Miejscowość Gromadzyn położona jest niespełna kilometr od malowniczych rozlewisk Wkry. Położone w okolicy Gromadzyna tereny nad rzeką, pełne lasów i łąk, były doskonałymi miejscami do hodowli konia polskiego. Już Król Jan III Sobieski założył tu królewską stajnię, gdzie wyhodowano doskonałe konie dla króla i jego dworu. Jedynym znanym z imienia był Pałasz, jasnopłowy koń króla Jana III, który przeszedł do historii po bitwie pod Parkanami, gdzie uratował królowi życie.
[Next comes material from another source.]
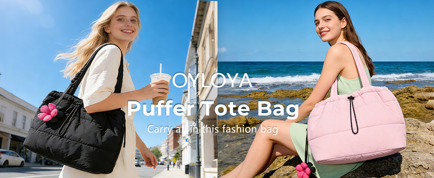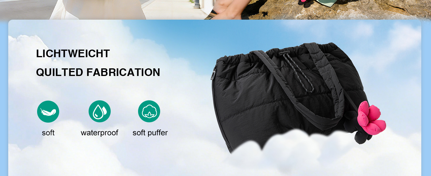 【Premium materials】OYLOLA puffer tote bag crafted from premium GRS-certified stretch nylon waterproof fabric, it wipes clean effortlessly lightweight and resists tearing. The lining combines breathable cotton with durable polyester fibers to create a soft, comfortable fit against the skin.

Gromadzyn po raz pierwszy pojawia się na kartach historii w XV wieku, kiedy zaczyna funkcjonować jako książęca wieś służebna. Utworzono tutaj również parafię -do dziś niestety nie ma już śladu po kościele który spłonął w 1906 roku. W ciągu ostatnich dekad Wieś się zestarzała. Piętnastu gospodarzy sprzedało domy oraz grunty i opuściło Gromadzyn. Brak przemysłu czyni okolicę oazą spokoju, a przepływająca rzeka Wkra i okalające ją lasy, które stanowią prawdziwą rzadkość mazowieckiego krajobrazu, stwarzają możliwości rozwoju agroturystyki i innych form wypoczynku.
Niestety, pewnym zagrożeniem dla miejscowości Gromadzyn i okolicznego ekosystemu jest elektrownia w Bolęcinie. Tama podniosła znacznie poziom wody, szczęśliwie w wyniku protestów lokalnej społeczności nieco ją obniżono. Wokół koryta rzeki powstały stojące rozlewiska, wypełnione gnijącymi drzewami i krzakami. Woda w rzece ma kolor brązowy, dno miejscami stało się muliste.